Autoguidance replacing CFG for interpolation: Deliberate and detailed facial expression transitions are required in the interpolation stage, whereas traditional CFG scaling may destroy naturalness. Autoguidance utilizes smaller models or models with fewer steps to guide, balancing quality and diversity.
New LipScore metric: The lipreader-based perceptual score is more reliable than SyncNet. Trained with 6 times more data than SyncNet, it aligns better with human perception.

Limitations & Future Work¶

The keyframe interval \(S\) is a fixed hyperparameter, which may require adaptive adjustment for different speech rates or scene complexities.
Training requires 160 hours of speech and 30 hours of NSV data, which incurs a high data collection cost.
Emotion labels are derived from pseudo-labels (extracted via pre-trained models), making the accuracy heavily reliant on the capability of the emotion recognition model.
The model currently processes only the facial region, excluding the generation of hand gestures or body movements.

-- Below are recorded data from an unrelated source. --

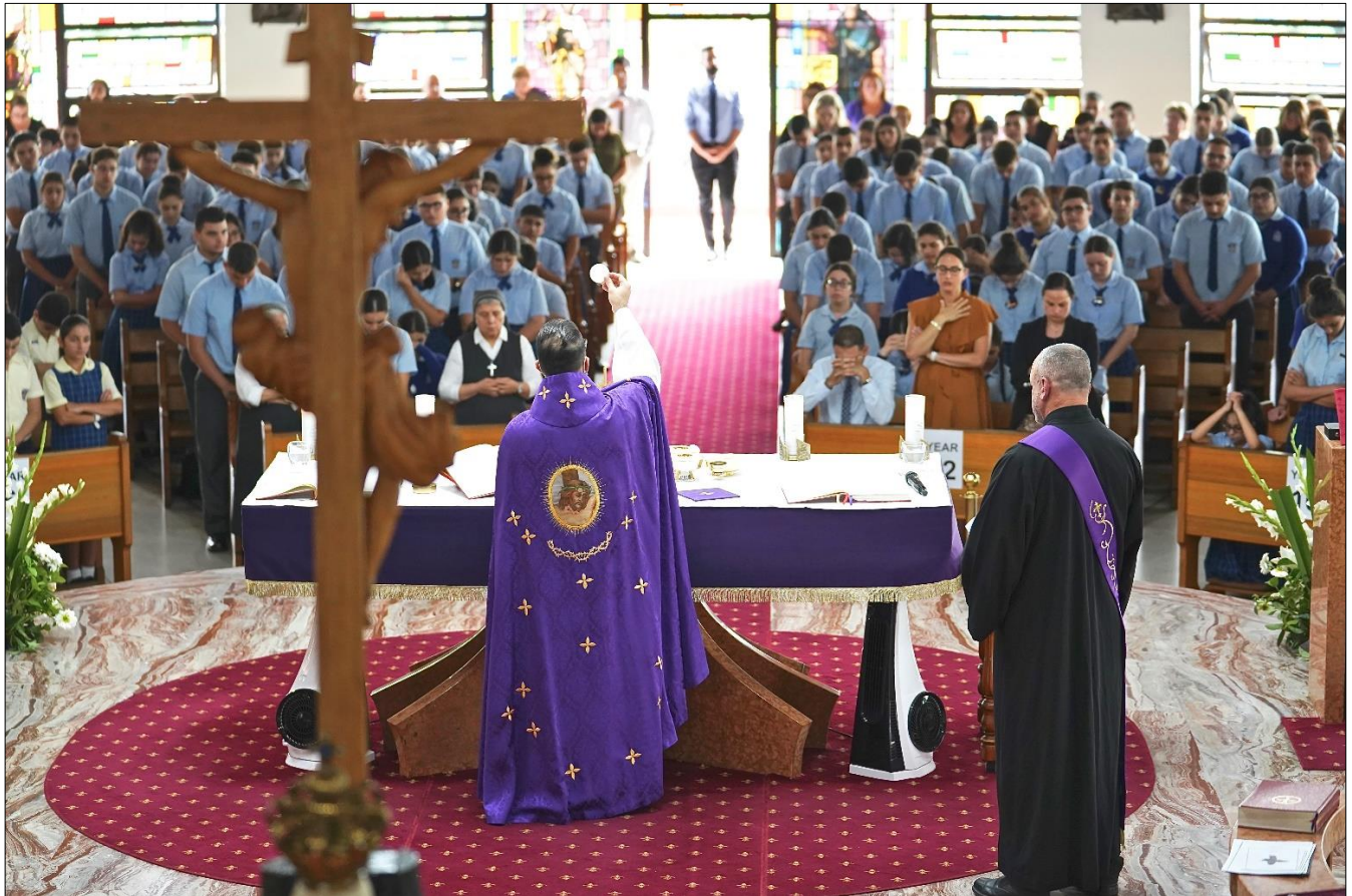
Ash Monday Mass

The College has been working behind the scenes to restore the damage caused by the recent storms. The College phone lines have been damaged as well as classrooms. The Kindy White Classroom was hardest hit but please be assured that the repair of this classroom and the College phone lines is of the highest priority.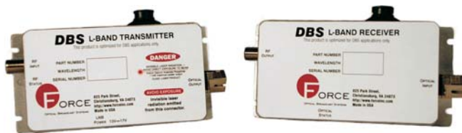
Model 2990PRO: Stand-alone Receiver and Transmitter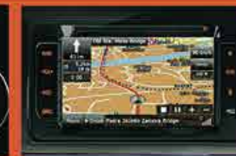
Multimedia Entertainment System with GPS Navigation (GLS Dealer Option)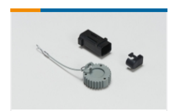
Automotive Connector Caps & Covers (5)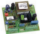
Electronic control board 200MPS Info at page 154 790905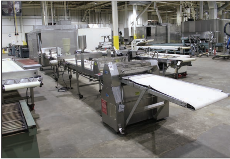
MOLINE PASTRY MAKEUP LINE & SHEETING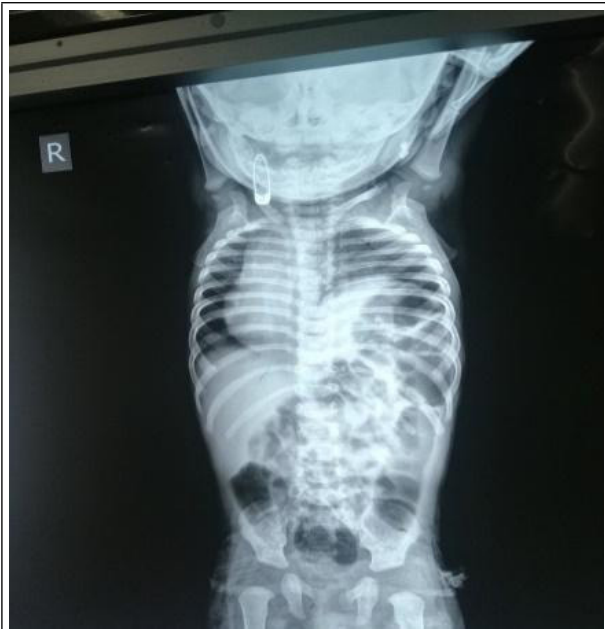
Figure 1. Chest X-ray showing elevated dome of left hemidiaphragm with cardiac silhouette towards the right side.

Echocardiography was done which revealed dextrocardia with no significant structural abnormalities. The patient was treated in coordination with the medical team for pneumonia. Once patient was maintaining oxygen saturation in room air, surgery was planned; plication of the diaphragm was done through the trans-abdominal approach (Figure 2). Intraoperatively the chest tube was kept in situ. The patient was kept in the Surgical Intensive Care Unit for two days. Post-operative chest x-ray showed a small pneumothorax on the left side with a chest tube in situ (Figure 3). Pneumothorax was resolved by the 2 nd postoperative day, then the chest tube was removed. The patient was then shifted to the surgical ward and oral feeding was started. Alternate-day dressing was done and parenteral antibiotics were continued for a total of seven days. Patient's chest retraction subsided and he was maintaining oxygen saturation in room air, he was then discharged on the 7 th postoperative day.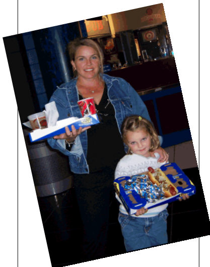
Fun With Mom at Phillips Arena in Atlanta

Mother and daughter head back to their seats with StadiumTRAY during recent NHL Atlanta Thrashers match.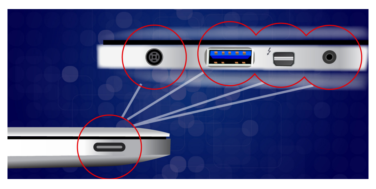
Figure 2. Simplicity of design, enabled by USB Type-C.

USB Type-C brings together all of the desired features of a unified connector, effectively merging data, audio, video and power into one interface. These functions are defined in a way that they can be used in a modular fashion. The interface can be used as a legacy USB-only mode with USB data and default power. The interface can be used with an optional USB Power Delivery (PD) protocol to further enhance power and possibly enable an alternate-mode video.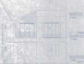
ELEVATION OF SIDE A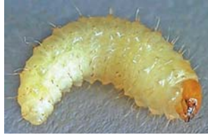
Black vine weevil larva

Root weevils are larvae of snout nosed beetles – usually flightless and all females – that feed on roots of a wide range of plants. Several species can be serious pests in nurseries and greenhouses. Some root weevil pests include the black vine weevil, strawberry root weevil, rough strawberry root weevil, clay colored weevil and woods weevil. Depending on the species, adults range from 1/5 to 1/2 inch long.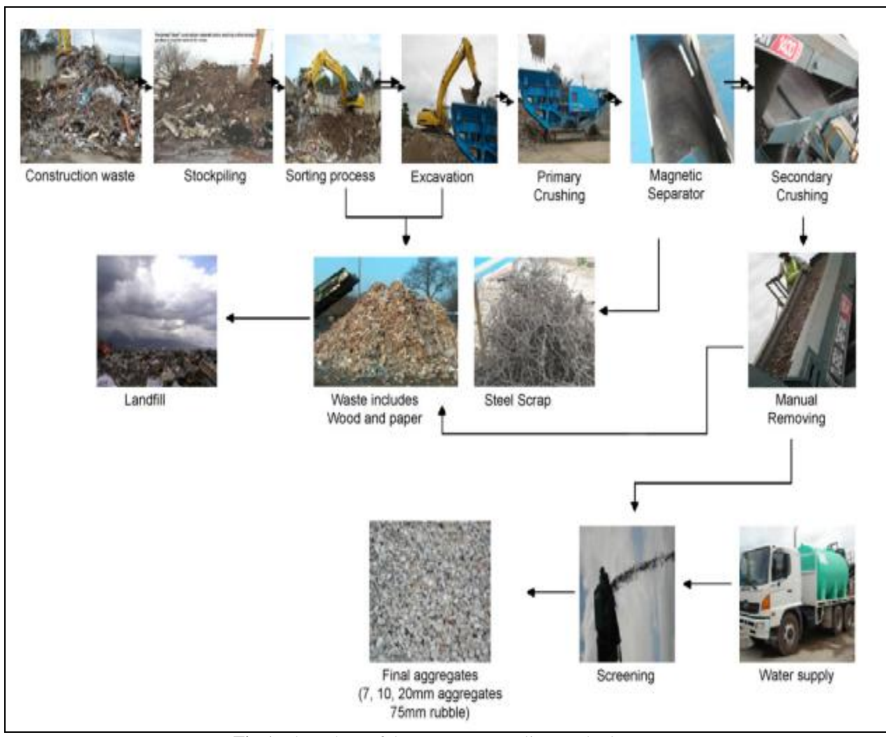
Fig.1. Flow chart of the concrete recycling method.

IOSR Journal of Mechanical and Civil Engineering (IOSR-JMCE) e-ISSN: 2278-1684, p-ISSN: 2320-334X. PP 58-63 www.iosrjournals.org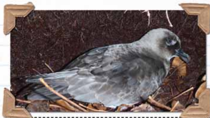
An Atlantic petrel (Pterodroma incanta) in its burrow.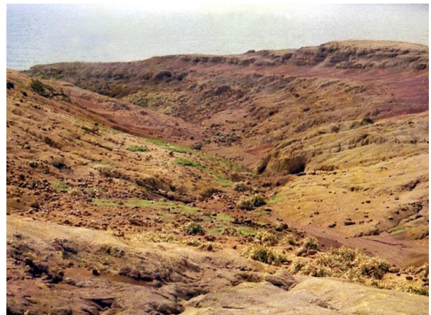
Phillip Island in 1979 after pigs, rabbits and goats had destroyed the vegetation

'Was the cost and effort of eradicating rabbits from Phillip Island justified? I feel sure it was as both flora and fauna have benefited greatly and the ecosystem's continuing recovery will bring more benefits.' Peter Coyne, Journal ANPS Canberra Region , in press, 2010.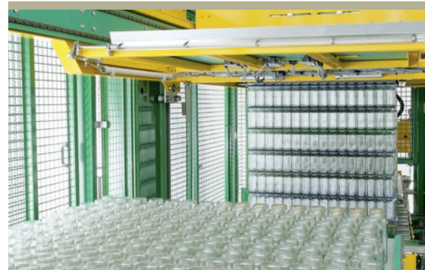
Vertically moving layer collection table and collection conveyor in divided execution

Deutsche Extrakt Kaffee GmbH (DEK) in Hamburg is one of the leading suppliers of instant coffee and instant coffee beverages to the retail own-brand market. The company was founded in 1955 and belongs to the Cafea Group.

Audio-driven facial animation: Wav2Lip (lip sync expert discriminator), Hallo (autoregressive diffusion), AniPortrait (audio \(\rightarrow\) landmark \(\rightarrow\) video two-stage), EchoMimic (audio + landmark conditioned diffusion)
Emotion-driven generation: EAT (discrete emotion labels), EDTalk (video-driven emotion transfer)
Non-speech vocalizations: Laughing Matters (laughter diffusion model), LaughTalk (3D laughter + speech model)
Video diffusion models: SVD (Stable Video Diffusion foundation), EDM (efficient diffusion framework)

Rating¶

Novelty: ⭐⭐⭐⭐ (The combination of the keyframe + interpolation paradigm, continuous emotion, and NSV is completely novel in facial animation)
Value: ⭐⭐⭐⭐⭐ (Directly resolves the core challenges of long-sequence facial animation, with clear application scenarios)
Technical Depth: ⭐⭐⭐⭐ (Two-stage diffusion design, decoupled CFG/Autoguidance, multi-loss combination)
Writing Quality: ⭐⭐⭐⭐⭐ (Clear structure, thorough ablation studies, and well-justified new metric)